Lamora - I think it SEEMS like something of a guessing game until you understand what many of us already understand and try so hard to share with others; something I can see you recognize and are trying to deal with by making your own soils. BTW - I applaud you for that. You understand the principle, that soils that hold excessive amounts of water do not allow you to water properly w/o compromising root health or function; you just need to fine tune the ingredients to make sure you won't run into any unexpected problems with pH and N tie-up down the road.

As you can see, you have plenty of support, and all the help, clarification, and guidance you need is yours for the asking.

Remember, now is not a good time to be repotting, unless the plant is likely to die w/o intervention.
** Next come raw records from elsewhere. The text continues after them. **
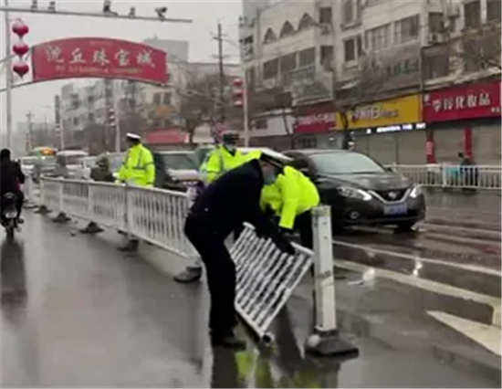 走在路上,雪花片子就往臉上撲,迎面的小風(fēng)像刀子一樣,即使你不愿意,也要跟你進(jìn)行親密接觸。到沈丘縣回民小學(xué)東邊的十字路口,各路送娃大軍從四面八方涌來,那真是車來車往,熙熙攘攘。兩輪的三輪的四輪的,瞬間一起往學(xué)校門口涌去。原本送完娃多少都會堵一會,今天竟然沒有堵車!后來才知道學(xué)校這邊有個(gè)警察很早就來現(xiàn)場指揮交通。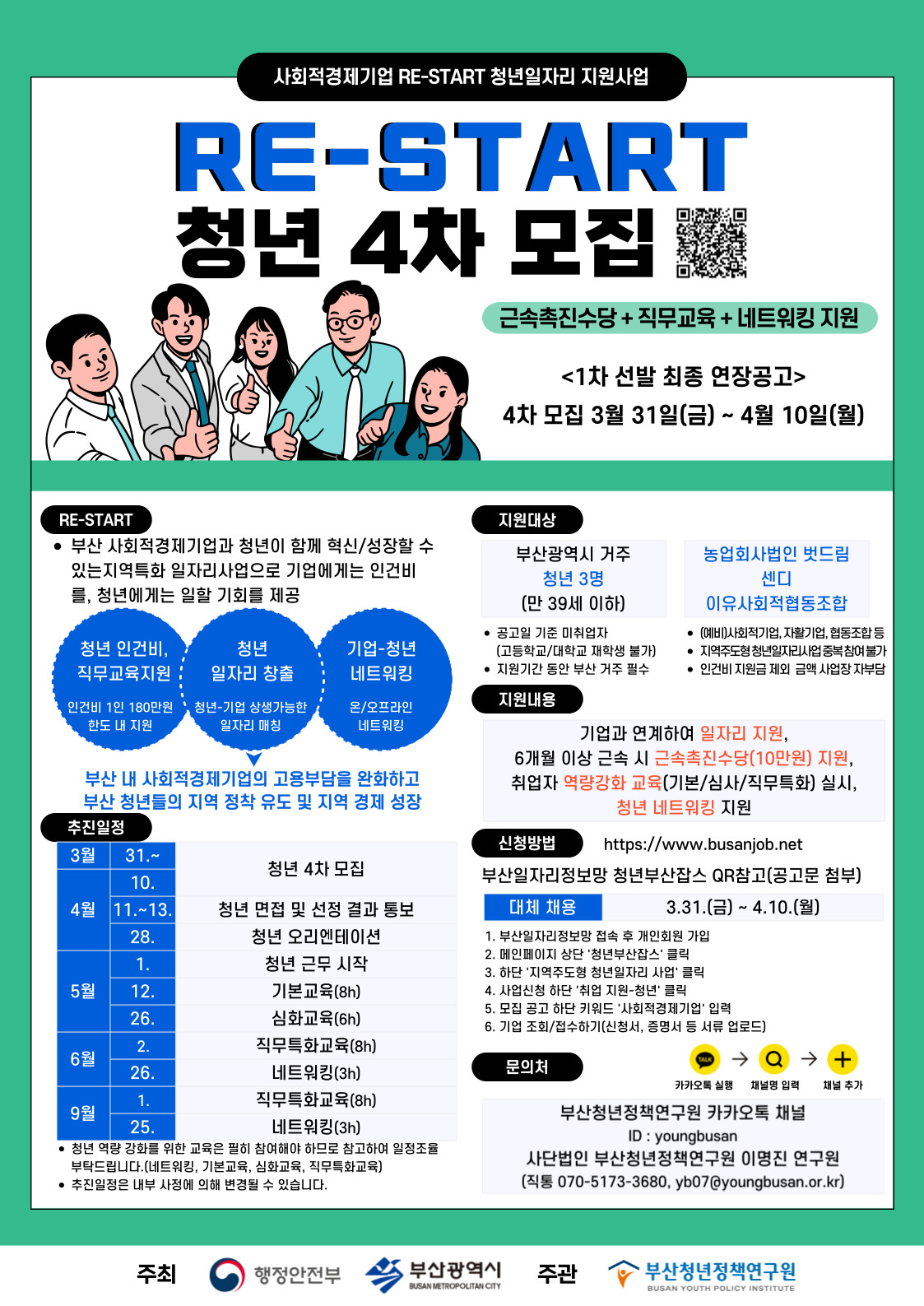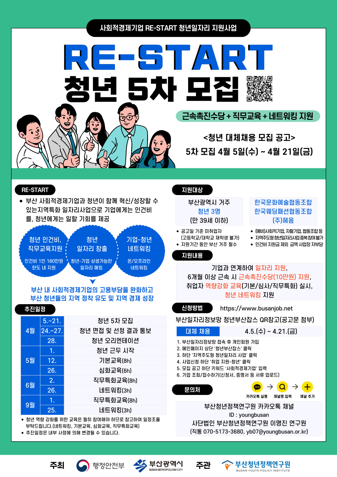 [부산청년정책연구원] 사회경제기업 RE - START 청년일자리 지원사업 4차, 5차 청년모집 홍보 관련 안내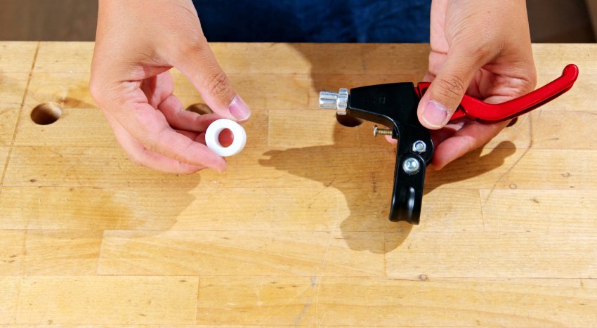 В хомут ручки велосипедного тормоза вставляем пластиковую втулку и затягиваем стяжной болт. Закрепляем ручку на резьбовом стержне так, чтобы она была расположена с противоположной стороны поводка, путем навинчивания и затяжки пластиковой ручки с резьбовым отверстием спереди.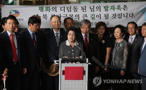 | △ 방북 소감 밝히는 이희호 여사 (서울=연합뉴스) 이정훈 기자 = 3박 4일간의 방북 일정을 마친 이희호 여사가 8일 오후 김포공항을 통해 귀국, 방북 소감을 밝히고 있다. 2015.8.8 uwg806@yna.co.kr |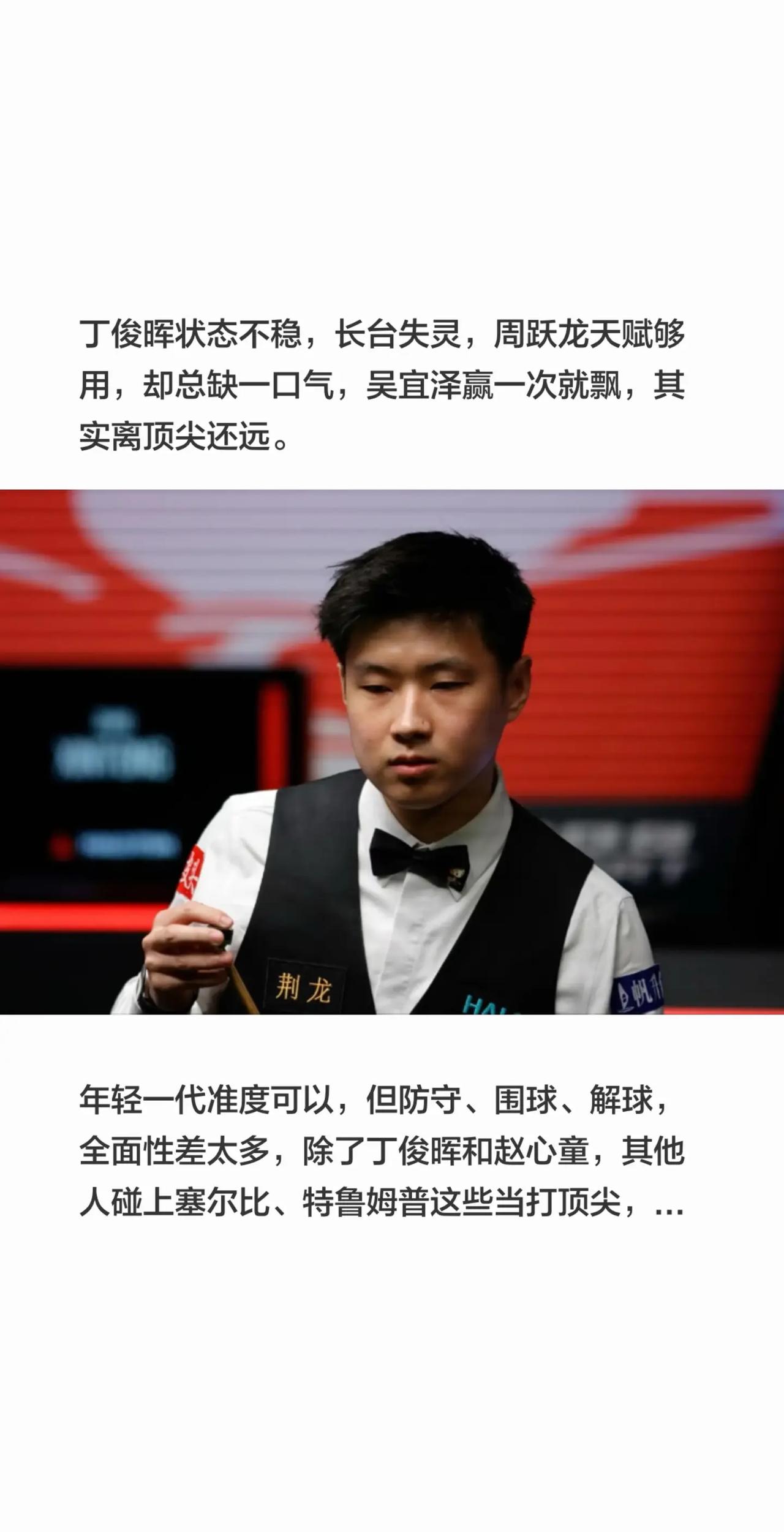 目前中国斯诺克,能扛旗的还得看赵心童!丁俊晖状态不稳,长台失灵,周跃龙天赋够用,却总缺一口气,吴宜泽赢一次就飘,其实离顶尖还远。年轻一代准度可以,但防守、围球、解球,全面性差太多,除了丁俊晖和赵心童,其他人碰上塞尔比、特鲁姆普这些当打顶尖,长局制基本没戏,也就趁“75三杰”年纪大了,偶尔能赢。中国球员普遍心理素质不过关,一打硬仗就手紧,简单球失误、解球失误频发,脸上都写着畏缩,这毛病不解决,技术再练也白搭。他们打球太依赖准星,一旦不准就不会玩了,丁俊晖年轻时也准,但人家练出了走位和防守,现在这批人,母球控制粗糙,防守漏洞大,给对手留的机会太多。说到底,基本功不扎实,大赛经验又少,输几局就垮,斗志全无,人数不少,能稳定输出的没几个。未来想突破,赵心童得把防守练稳,其他人更要埋头补课——走位、防守、心理,一样不能少,路还长,但至少现在冲击顶尖的场面多了,也算一点希望。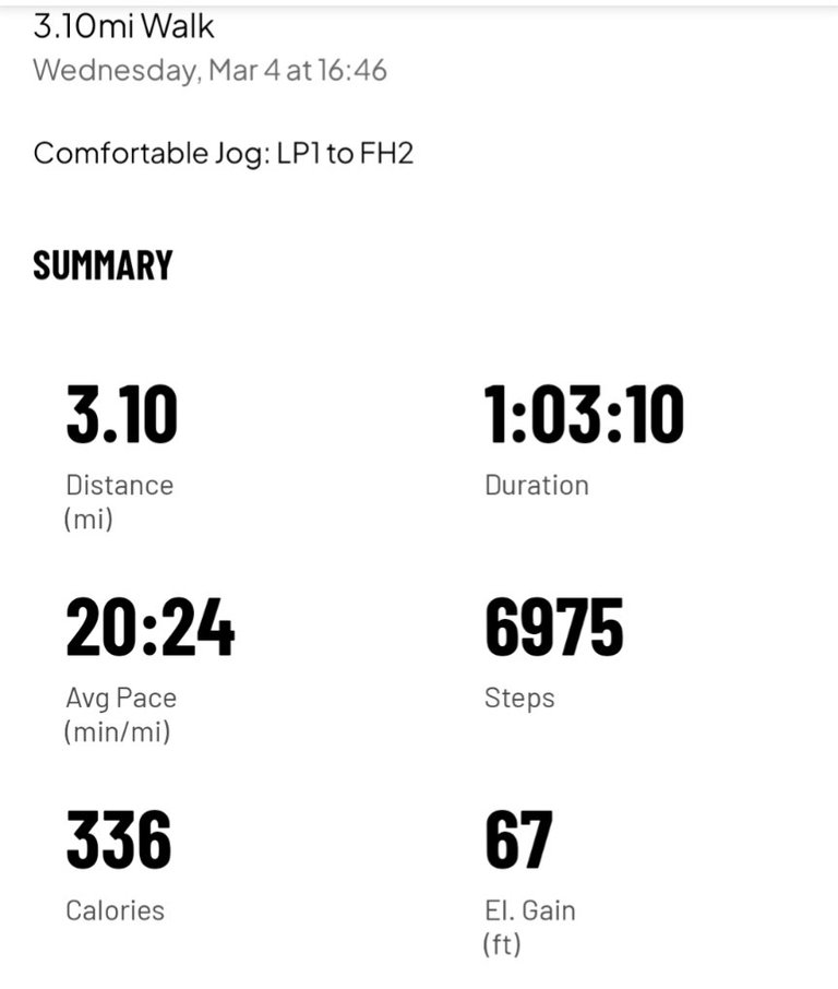 Busy day but was able to get a walk before too dark. Surprised at the first 2mi pace. Comfortable Jog: Light Pole 1(LP1) to @Fire Hydrant 2 (FH2).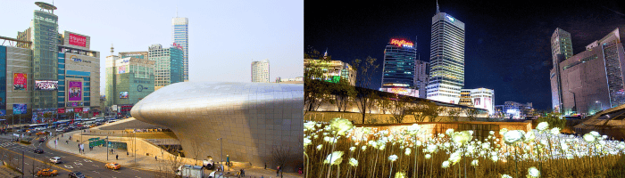 Dondaemun Design Plaza หรือ DDP🏢⛅❕ เป็นกลุ่มอาคารรูปทรงแปลกใจกลางกรุงโซล ตั้งอยู่กลางศูนย์รวมแฟชั่นของเมือง ดงแดมุน โดยเป็นพื้นที่จัดนิทรรศการระดับโลกมากมาย🤩 มีทั้งห้องประชุม พื้นที่ในส่วนของการจัดงานแสดงแสดงโชว์สินค้าต่างๆ🛍️(✧∀✧) และยังเป็นสถานที่สำคัญสำหรับการแลกเปลี่ยนวัฒนธรรมระหว่างประเทศ และถ้าหากใครเคยดูซีรีส์เกาหลียอดฮิตอย่าง You Who came From the star (ยัยตัวร้ายกับนายต่างดาว👽👩❤️) คงจะพอคุ้นตากับสถานที่แห่งนี้🍃🌼🌈 เพราะเขาได้มาถ่ายทำฉากใน ซีรีย์ในที่แห่งนี้กันหลายฉากมาก หรือจะเป็นเพลง Come Back Home ของศิลปินเกาหลี วง 2NE1 ก็มาถ่ายทำ MV ที่แห่งนี้เช่นกัน ≧ ▽ ≦) / 💖💖💖💖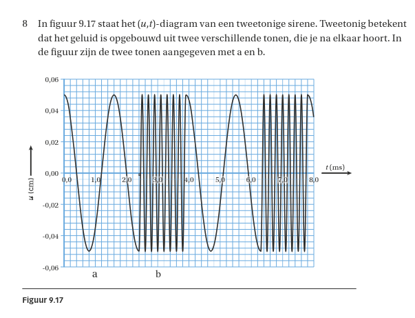 Wat zich bij de sirene herhaalt, bestaat uit de delen a en b samen. Deel a is een lage toon en b is een hoge toon. De tijdsduur van a en b samen is van $t=0\,\text{ms}$ tot $t=3,9\,\text{ms}$.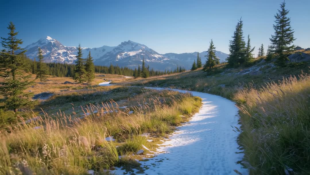 - Slow-moving Trail Through Frosted Alpine Meadow Revealing Snow-Capped Peaks and Conifers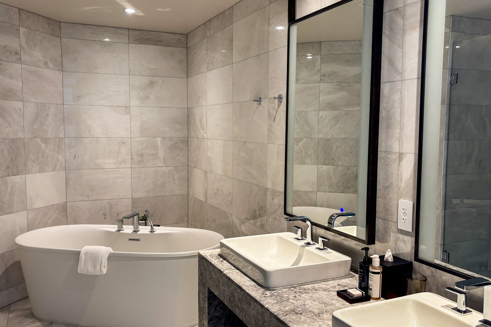 After check-in, I was escorted by our butler, Jennifer, to our suite on the third floor. It was furnished and designed with neutral hues, like grays and creams, as well as organic textures that felt cohesive with the resort's contemporary coastal aesthetic.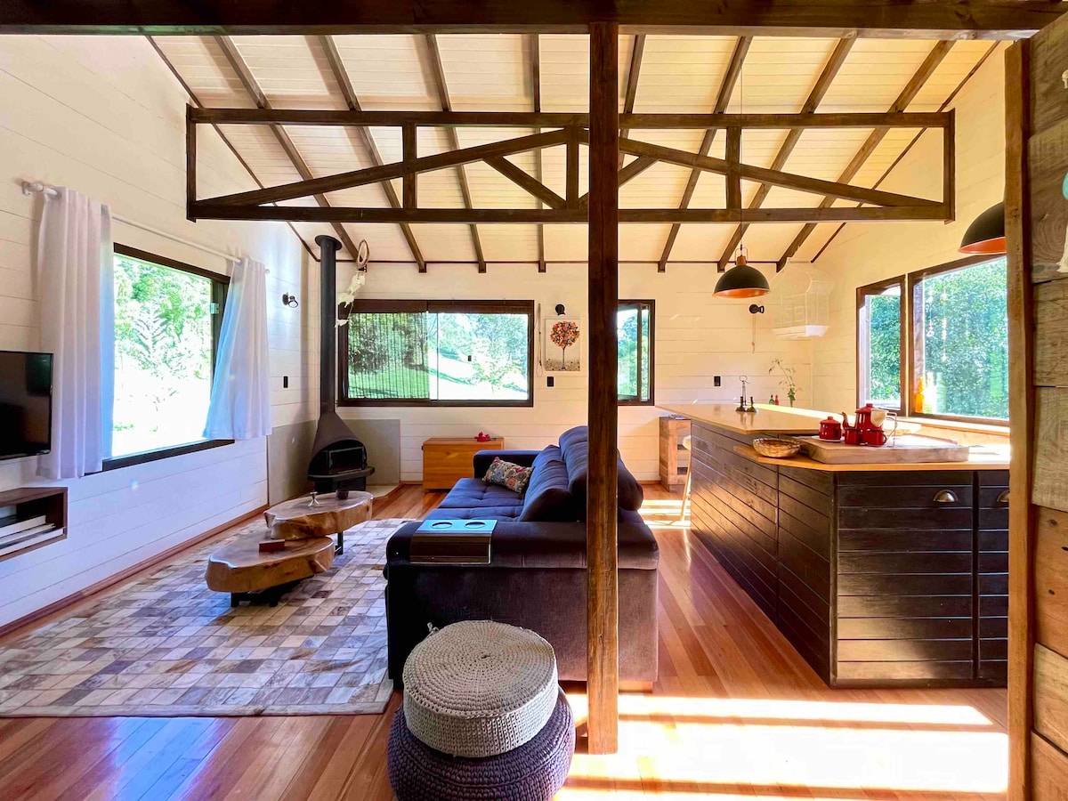 La nostra capanna è ideale per le persone che cercano un soggiorno tranquillo, accogliente e confortevole. L'ambiente integrato offre raffinatezza, praticità e connessione con la natura. All'ingresso, sarai accolto da un'atmosfera accogliente, con dettagli attentamente progettati. Con il freddo caratteristico della regione, il pavimento riscaldato della capanna garantisce comfort termico in tutto l'ambiente. Le ampie vetrate offrono una vista mozzafiato sulla natura circostante, inondando lo spazio di luce naturale.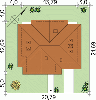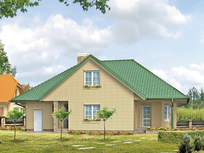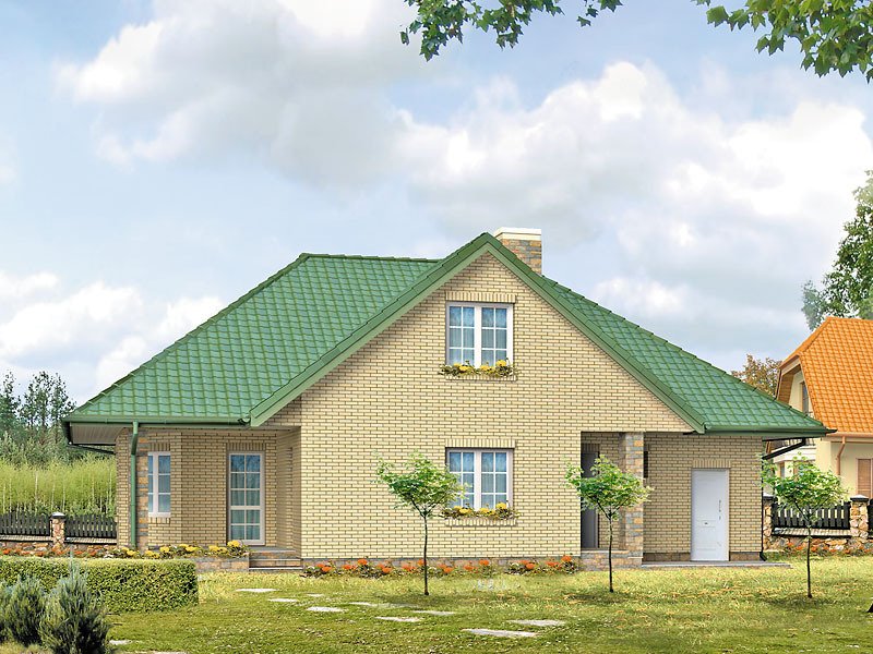 Ściany: 3-warstwowe - bloczek silikatowy lub pustak ceramiczny, Stropy: żelbetowe, wylewane, Dach: dachówka, kąt nachylenia 38°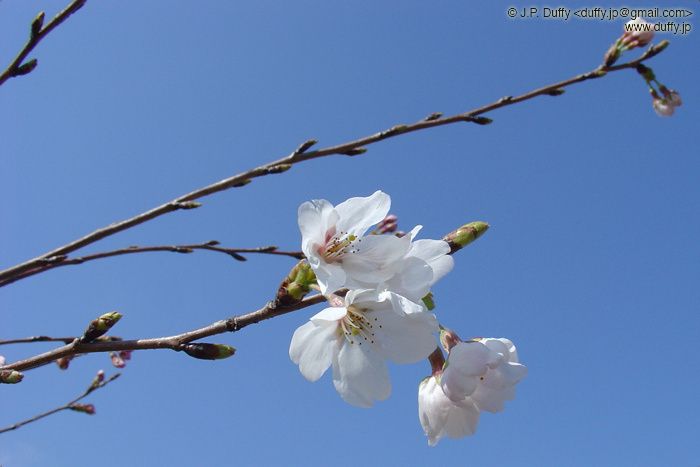 I would like to take this opportunity to give a shout out to Sony for making a fantastic digital camera.  Here we have a shot of the new Sakura or cherry blossoms.  My friend Myris is set to arrive in Japan on Friday, and I'm crossing my fingers in hopes that he doesn't miss it.  It only lasts a few days, and will probably start in full force tomorrow.  --Just a cultural aside, in Japan we also have the term "shout-out."  It's "???????" or pretty much, "shout-o out-o."  I think it's cute when the Japanese pop stars use it.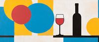 Sensuele kleuren en geometrische vormen nodigen je uit voor een gezellige avond. Een dieprood wijnglas, elegant vergezeld van een gestileerde fles, contrasteert harmonieus met levendige blauwe en gele cirkels. Dit kunstwerk is perfect voor in de keuken of woonkamer en maakt een uitnodigend statement tijdens het socializen.

Your plant's energy reserves are generally very low (lowest they will be during the entire growth cycle) in late winter and spring, making early summer and summer the best time for repots.

Also, as your soils get less & less water-retentive, and you make them so they don't hold perched water (no soggy layer at the bottom of the pot), that oft repeated directive to only pot up one pot size or whatever other comparative size increase is used, goes right out the window. When you're using soils that don't support significant amounts of perched water, you can plant very small plants in very large pots with very little concern for root issues, as long as you're reasonable about watering intervals.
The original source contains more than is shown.